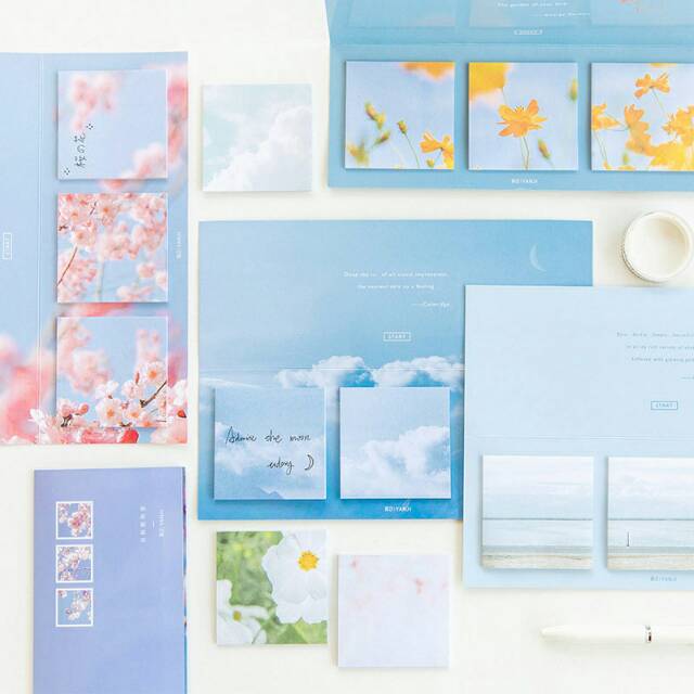 Warna biru langit dan pink menghiasi sticky notes bertema bunga dan awan ini. Hadir dalam bentuk brosur yang praktis, tiap varian catatan tempel ini berisi 3 desain berbeda agar kamu tidak bosan menggunakannya.
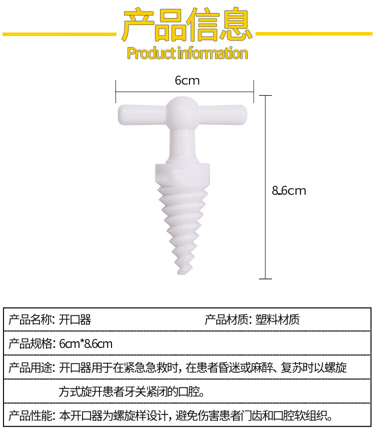 一次性医用急救开口器塑料开口器独立包装螺旋开口器撑开固定口腔 独立包装灭菌【开口器】 2个
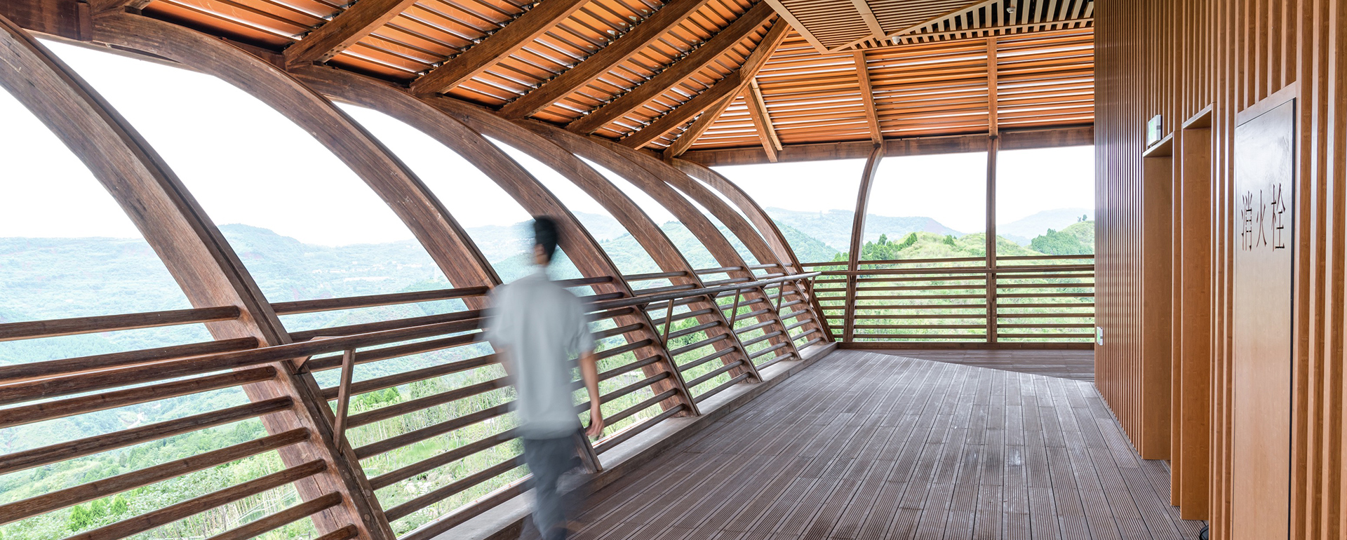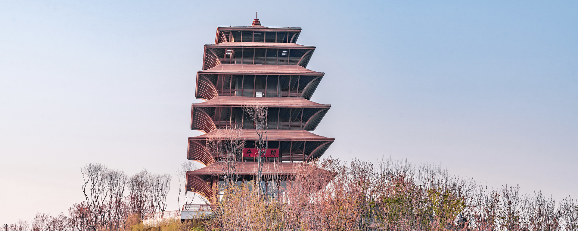 该项目是龙泉山城市森林公园第一个先导性、示范性、引领性项目。丹景阁坐落于海拔737米的丹景山高处,是丹景台景区核心区的制高点。 独特的地理位置,赋予建筑特有的气质。丹景阁观光塔,共五层,建筑含构架约39M,设计将中国传统空间结合四川传统林盘提炼植入丹景台景区,将中国传统楼阁式塔和密檐式塔元素进行提炼融合,融合密檐塔的挑檐典型特征,将楼层单元演绎为竹节状弧形支撑,体现向上发展的力量感与张力感,充分体现四川传统竹文化、天府文化。

Work item: The reply should contain every line of the material exactly, and no images.

Reply to the exercise:
 Warna biru langit dan pink menghiasi sticky notes bertema bunga dan awan ini. Hadir dalam bentuk brosur yang praktis, tiap varian catatan tempel ini berisi 3 desain berbeda agar kamu tidak bosan menggunakannya.
 一次性医用急救开口器塑料开口器独立包装螺旋开口器撑开固定口腔 独立包装灭菌【开口器】 2个
 该项目是龙泉山城市森林公园第一个先导性、示范性、引领性项目。丹景阁坐落于海拔737米的丹景山高处,是丹景台景区核心区的制高点。 独特的地理位置,赋予建筑特有的气质。丹景阁观光塔,共五层,建筑含构架约39M,设计将中国传统空间结合四川传统林盘提炼植入丹景台景区,将中国传统楼阁式塔和密檐式塔元素进行提炼融合,融合密檐塔的挑檐典型特征,将楼层单元演绎为竹节状弧形支撑,体现向上发展的力量感与张力感,充分体现四川传统竹文化、天府文化。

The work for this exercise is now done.